Urol Oncol 2015 Aug 16;33(8):339.e9-15. Epub 2015 Jun 16.

Department of Urology, Bicetre Hospital, Paris XI University, Le Kremlin Bicêtre, France.

Objectives: The role of cytoreductive nephrectomy (CN) in the treatment of patients harboring metastatic renal cell carcinoma (mRCC) has become controversial since the emergence of effective targeted therapies. The aim of our study was to compare the overall survival (OS) between CN and non-CN groups of patients presenting with mRCC in the era of targeted drugs and to assess these outcomes among the different Memorial Sloan-Kettering Cancer Center (MSKCC) and The Eastern Cooperative Oncology Group (ECOG) performance status subgroups.

Methods And Materials: A total of 351 patients with mRCC at diagnosis recruited from 18 tertiary care centers who had been treated with systemic treatment were included in this retrospective study. OS was assessed by the Kaplan-Meier method according to the completion of a CN. The population was subsequently stratified according to MSKCC and ECOG prognostic groups.
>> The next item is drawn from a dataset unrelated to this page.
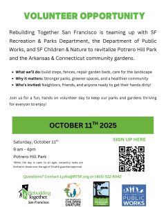 Join us for a fun, hands on volunteer day to keep our parks and gardens thriving for everyone to enjoy! Tasks include: building steps, fences, repairing garden beds, how to care for the landscape, and more. While the day is open to all ages, carpentry tasks are limited to those over the age of 16 with guardian approval. Sign up here!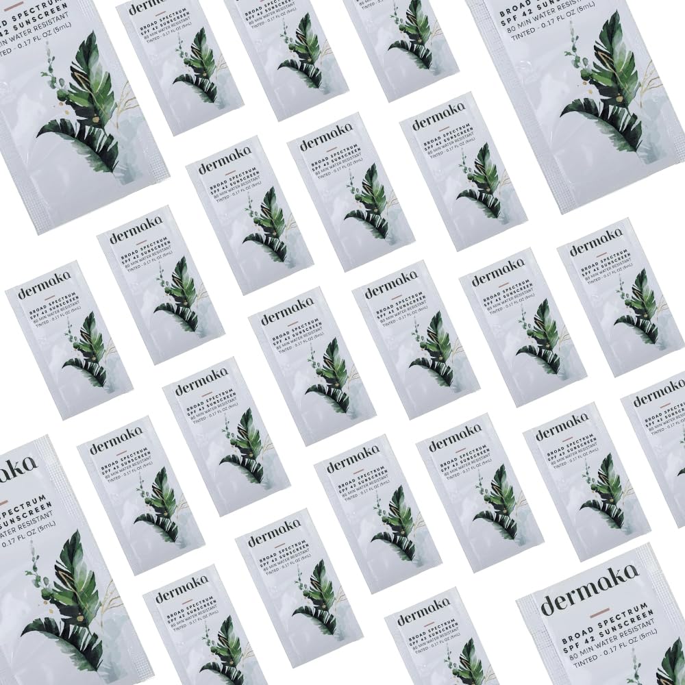 - Dermaka Sunscreen Tinted Packets are perfect when traveling with a carry-on!

Results: Median OS in the entire cohort was 37.1 months. Median OS was significantly improved for patients who underwent CN (16.4 vs. 38.1 months, P<0.001). However, subgroup analysis demonstrated that OS improvement after CN was only significant among the patients with an ECOG score of 0 to 1 (16.7 vs. 43.3 months, P = 0.03) and the group of patients with good and intermediate MSKCC score (16.8 vs. 42.4 months, P = 0.02). On the contrary, this benefit was not significant for the patients with an ECOG score of 2 to 3 (8.0 vs. 12.6 months, P = 0.8) or the group with poor MSKCC score (5.2 vs. 5.2, P = 0.9).

Conclusions: CN improves OS in patients with mRCC. However, this effect does not seem to be significant for the patients in ECOG performance status groups of 2 to 3 or poor MSKCC prognostic group.